For powerful elements of the CDU, balancing the federal budget and reining in spending remains a main priority, but Merkel has eased back some of her criticism of European neighbours who have boosted state spending massively in an effort to thwart the recession.

SPD leader Franz Muentefering attacked the CSU, telling Monday's issue of the newspaper Bild that Merkel should tame the Bavarian "sister party" to the CDU. He called the CSU demands "annoying" and "vain."

The grand coalition of Germany's main parties has become more fractious with the approach this September of a general election.

However there has been bipartisan support in the Merkel coalition for key parts of the stimulus package, including more investment in education, highways and railways.

A slew of fresh data has underscored that a deepening recession is taking hold in Europe's biggest economy.

Figures last week showed a dramatic 10.6 per cent plunge in German exports in November along with a hefty drop in factory orders and a bigger-than-forecast rise in December unemployment.

The new stimulus package, following a first approved in November, is designed to help the nation limp through what is expected to be the country's biggest economic downturn since the Second World War.

On top of that, Berlin has earmarked 100 billion euros to help German industry face up to the growing world-wide economic crisis.

Leading German companies have already announced plans for layoffs and cutting production as global economic growth spirals downwards.

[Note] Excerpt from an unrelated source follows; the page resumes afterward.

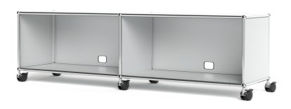 USM Haller TV-/HiFi-Lowboard, Customisable, USM matte silver, With 2 drop-down doors, With cable entry hole bottom centre

Merkel is expected to brief opposition parties early Tuesday and then make a public announcement on the outcome of her talks with Muentefering and the CSU leader Horst Seehofer and their key lieutenants.

In a related development, the Finance Ministry effectively rejected a call from a southern premier, Guenther Oettinger of Baden Wuerttemberg, for a "bad bank" to be set up to take over distressed loans from Germany's troubled banks.

Torsten Albig, a ministry spokesman, said, "There is no debate going on about this topic among those who are responsible." (dpa)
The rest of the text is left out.